West Point’s Combatting Terrorism Center has released a trove of letters written by bin Ladin while he was holed up in the now destroyed compound in Abbottabad, Pakistan.
They depict a person obsessed with media outreach and protecting the Al-Qaida brand from the actions of loose-cannon affiliated terror groups. Bin Laden had a deputy try to find an U.S. outlet to broadcast a speech to the American people on the tenth anniversary of 9/11 to “make known the justice of our cause to the world,” and to separate al-Qaida from more extreme jihadi elements.

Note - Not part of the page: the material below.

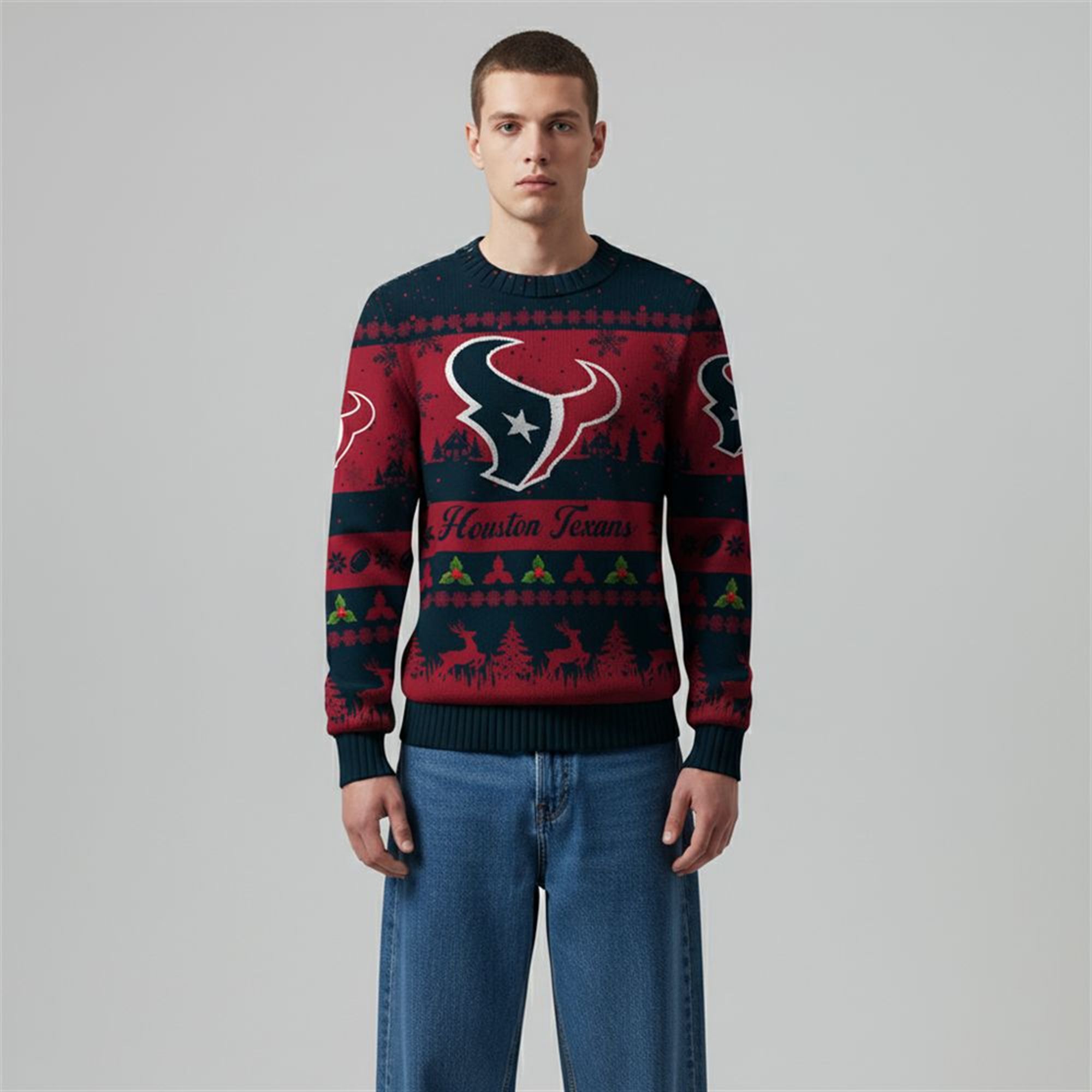 Surrounding the logo are horizontal bands of festive motifs that pay homage to traditional winter knitwear. You’ll find rows of leaping reindeer and snow-dusted pine trees, interspersed with snowflakes and geometric patterns. However, unlike your grandmother’s old knits, this sweater screams “Battle Red” attitude. The vibrant red and navy color palette stays true to the team’s colors, making it an inspired piece of fan gear that fits perfectly into your game-day wardrobe. The text “Houston Texans” is boldly woven in a classic script font across the midsection, bridging the gap between sports merchandise and festive fashion.

A planned Al-Qaida outreach to Christians in Iraqi was aborted only after a militant group bombed a Catholic Church in Baghdad.
Bin Ladin believed military actions and media releases should be tightly coordinated so that “we do not violate our words with some of our practices.” A sophisticated and coherent media strategy was called a “principal element of the battle.” The terrorist stressed that with the rise of satellite TV “winning the media occupies a greater portion of the battle today.” He was irked after viewing an al-Jazeera profile that contained factual errors about him. Bin Ladin saw the opportunity to use PR to incite “people who have not yet revolted and extort them to rebel against the rulers.”
Even the far-fetched proposal to shoot down the planes of President Obama and/or General Petraeus on their visits to Afghanistan or Pakistan contained an element of PR.
The death of Obama would result in the “utterly unprepared” Vice President Joe Biden assume the president. To bin Laden, that would have triggered a PR crisis in the U.S.